Opportunities Kyoto regime brought lot of monitory benefits to the GHG emission reduction project developers. Kyoto protocol which is the international treaty on the climate change introduced Clean Development Mechanism (CDM). CDM is an arrangement under the Kyoto Protocol allowing industrialized countries (called Annex 1 countries) with a GHG emission reduction targets to invest in projects that reduce emissions in developing countries as an alternative to more expensive emission reductions in their own countries. Such projects can earn Carbon Credits in the form of GHG emission reductions (One carbon credit is equivalent to one ton of carbon dioxide). As discussed earlier, Renewable Energy Certificates (REC) and Perform Achieve and Trade (PAT) are the Indias domestic mechanism partially similar like GHG emission trading scheme. REC mechanism allows trading of REC (one REC produce when one mega watt hour of electricity generates) and Energy Saving Certificates (ESCrts) under the PAT mechanism to the obligated entities on Indian power exchanges. Project developers with renewable energy and energy efficiency projects can earn additional revenue through these mechanisms. In addition, The Bombay Stock Exchange (BSE) has launched the first ever Carbon Indexing Project in collaboration with the UK government recently. This project will use data from the recently released Carbon Disclosure Project (CDP) Report 2011 India 200 to rate BSElisted companies on the basis of their carbon emissions and compare it to their performance on the stock exchange. It can help organizations with low carbon footprint to build their brand image among the industry.

Conclusion
In virtually every phase of our lives, steel plays an essential role. The rails, roads and vehicles that make up our transport systems use steel. Steel provides a strong framework and connections in the buildings where we work, learn and live. It protects and delivers our water and food supply. It is a basic component in technologies that generate and transmit energy. Steel plays a critical role simply because no other material has the same unique combination

of strength, formability and versatility. Consequently, as nations around the world seek to improve their standards of living and lift populations out of poverty, it is inevitable that the demand for steel will increase.
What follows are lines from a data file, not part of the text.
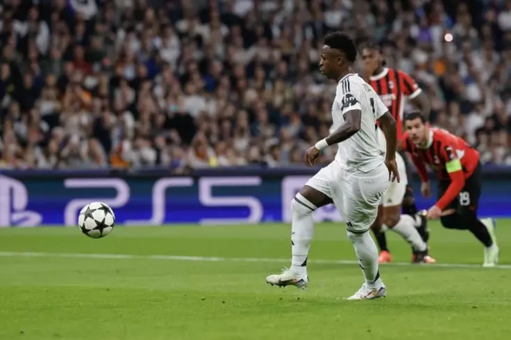 | L'attaquant brésilien du Real, Vinicius Junior, égalise contre l'AC Milan d'une panenka sur penalty, en Ligue des champions, le 5 novembre à Madrid. |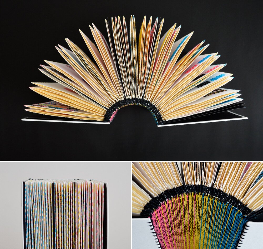 Her sayfada, geometrik olarak yerleştirilmiş renk örneklerinin yanı sıra CMYK değerleri hakkında elle yazılmış ayrıntılar yer alıyor. Kitabın sayfalarını birbirine bağlayan omurgası da macentadan camgöbeğine uzanan canlı bir gradyandan oluşuyor.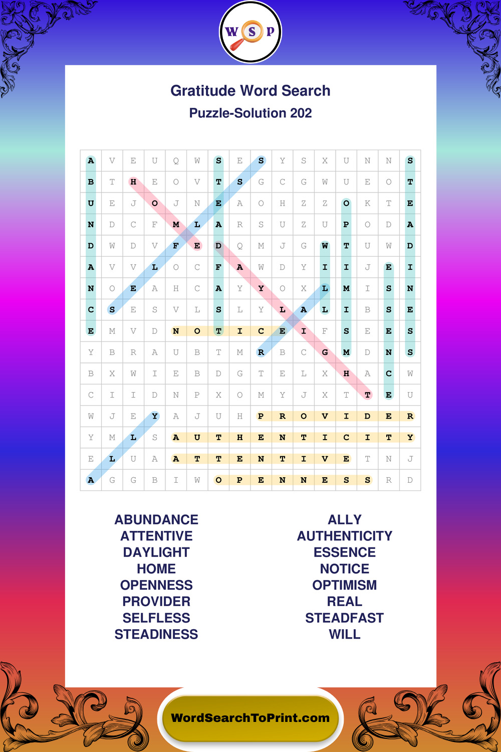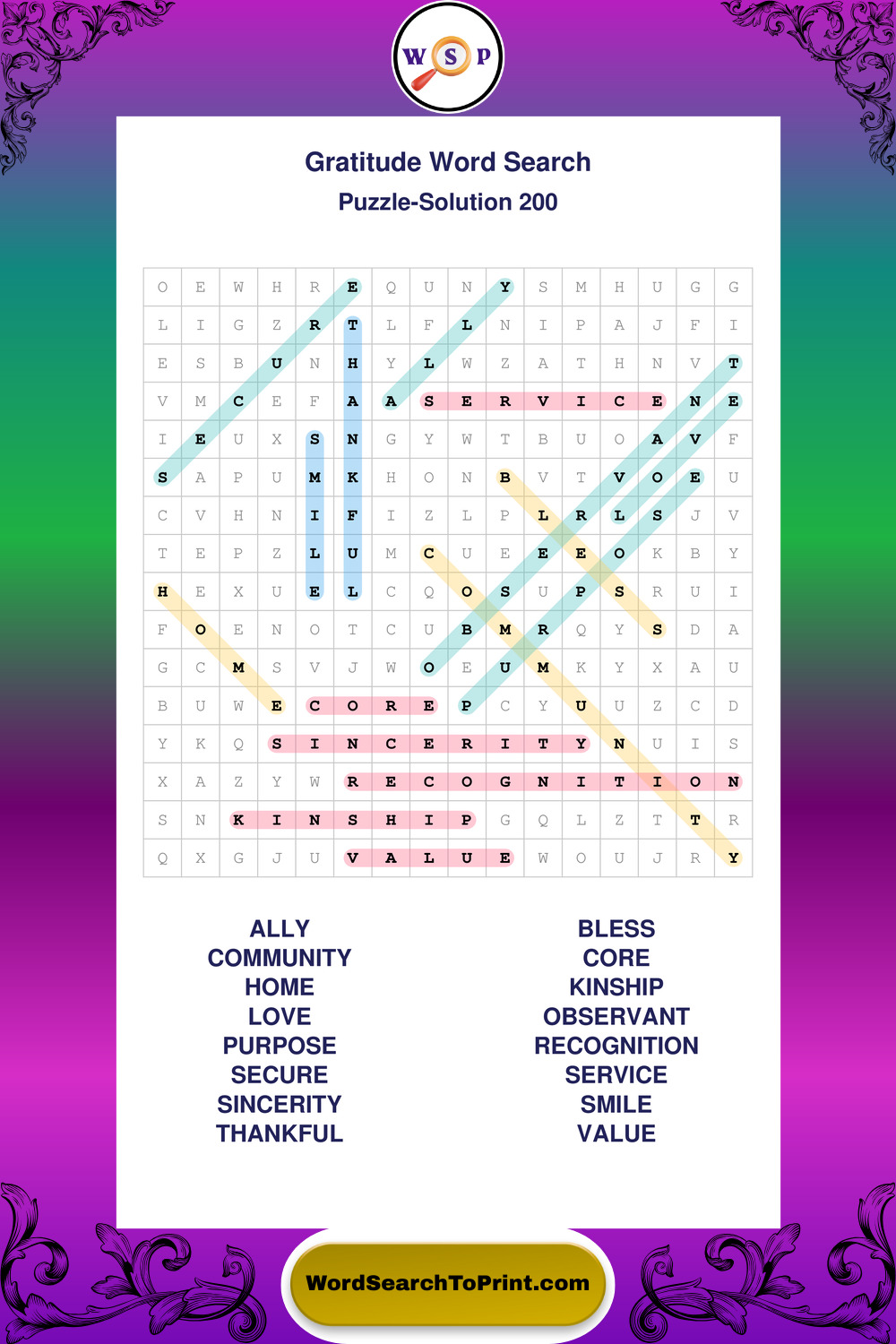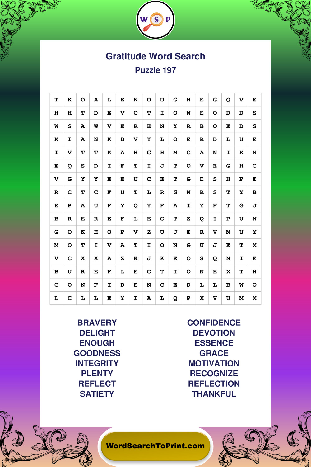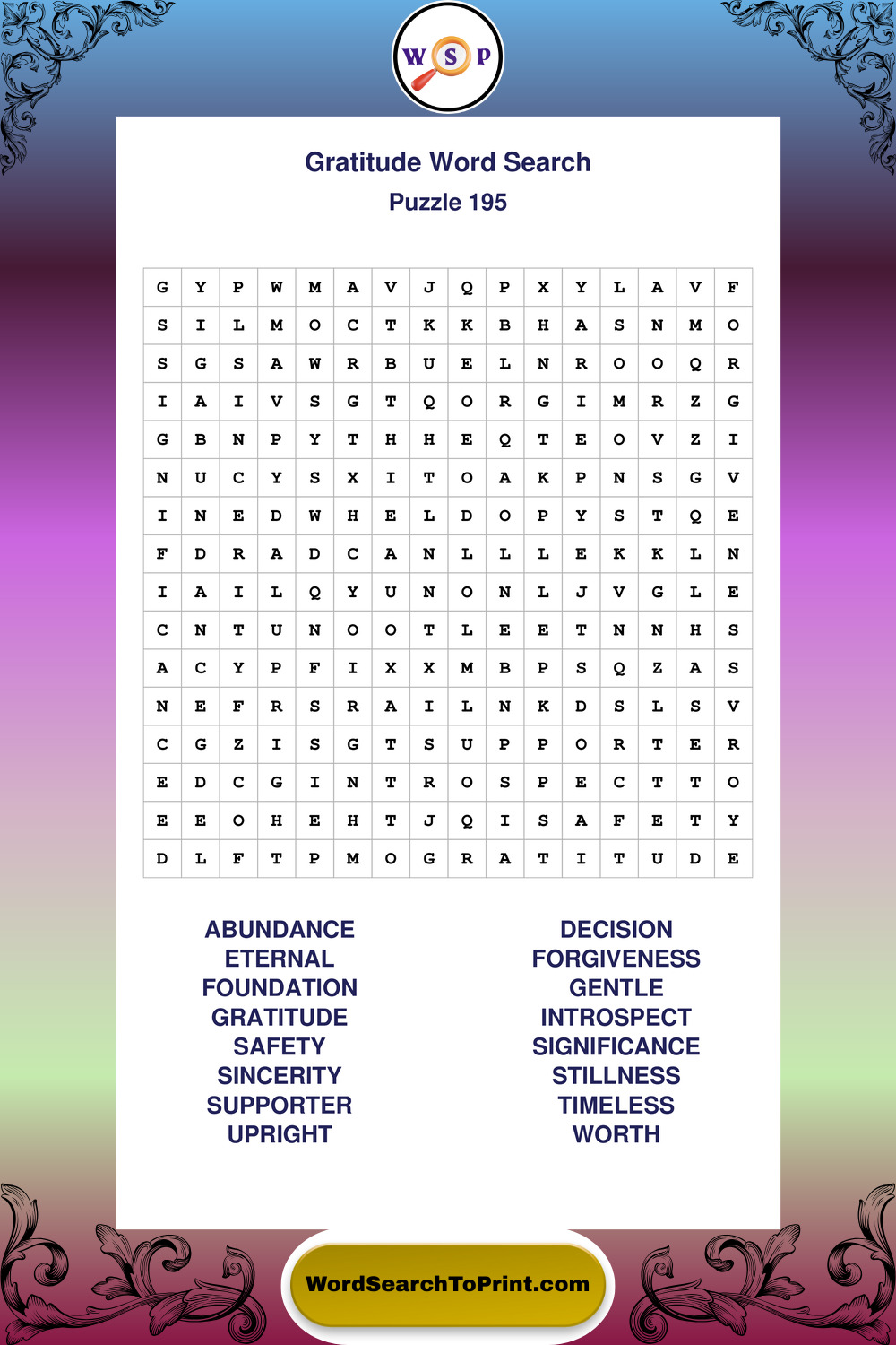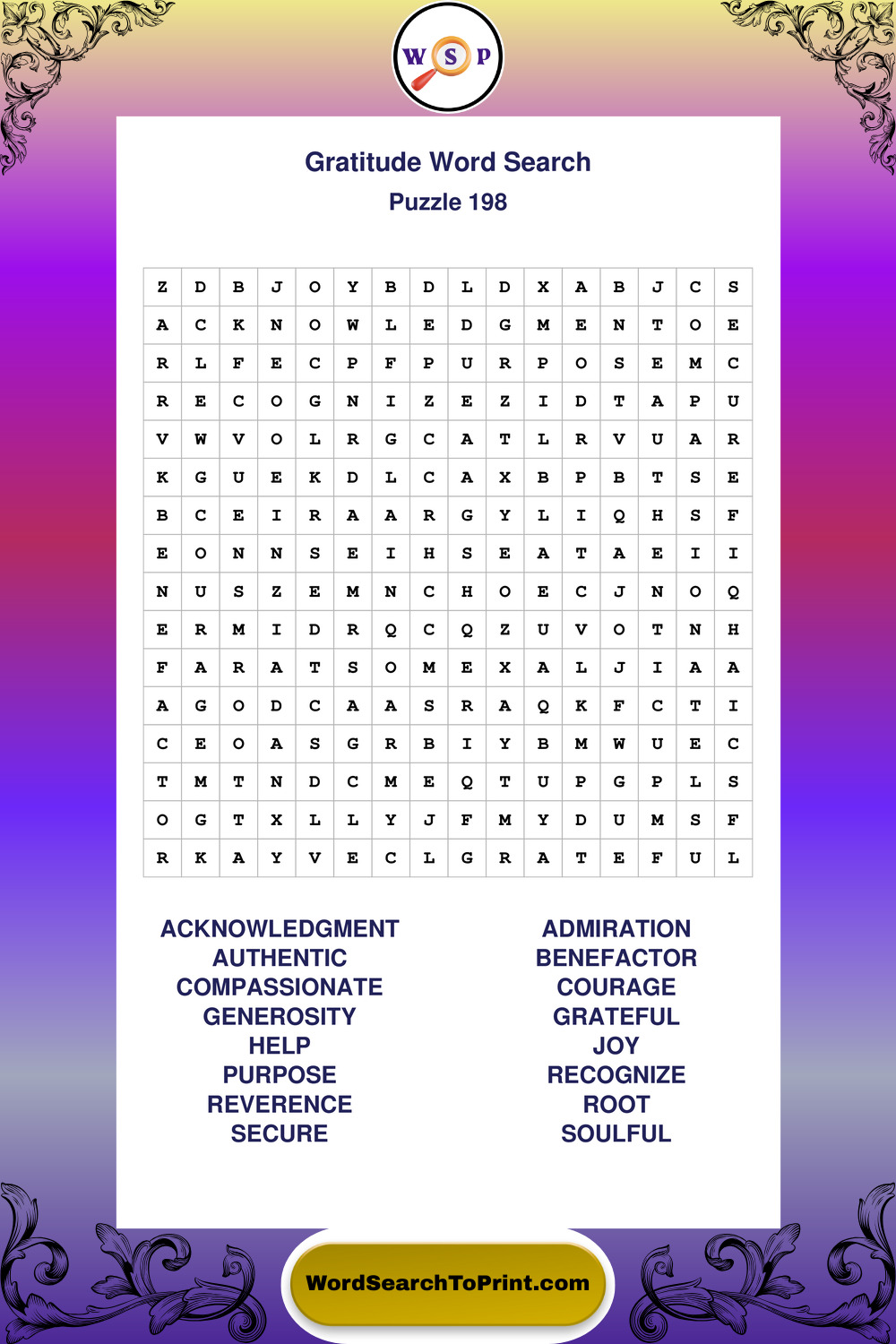 Browse our free large print Gratitude wordsearches below. All puzzles are printable and include solutions.

Even as it addresses the needs and challenges of todays economic environment, the steel industry is looking ahead at the challenges that are just over the horizon. Materials that are stronger and meet higher environmental standards will be needed. New generations of steel continue to be developed that make it possible for manufacturers and builders to implement durable, lightweight designs. Furthermore, steel can be endlessly recycled without loss of strength, durability or any of its other distinctive properties. In the year to come, we will see witness an exponential growth in the demand and production of steel all over the world. Especially, India will become a great consumer of steel because of the continued emphasis of the Indian Government on sectors such as Infrastructure, Power, Automobiles and so on. Both, the Public and Private players in the Indian Steel Industry will step up their productions in order to met the booming domestic demand. Currently ranked 5th, the Indian Steel Industry is still to witness its peak because the Indian Steel Industry is a giant in the awakening. The term paper reviews the Indian Steel industry in depth. The Indian Steel Industry has taken the world by storm and still has a long way to go. There were limitations with regard to the research tools used for gathering data which are as follows: Secondary data is obtained from some other organization than the one instantaneously interested with current research project. Secondary data was collected and analyzed by the organization to convene the requirements of various research objectives. When using secondary research, one must exercise caution when using dated information from the past. With companies competing in fast changing industries, an out-of-date research reports many have little or no relevance to the current market situation.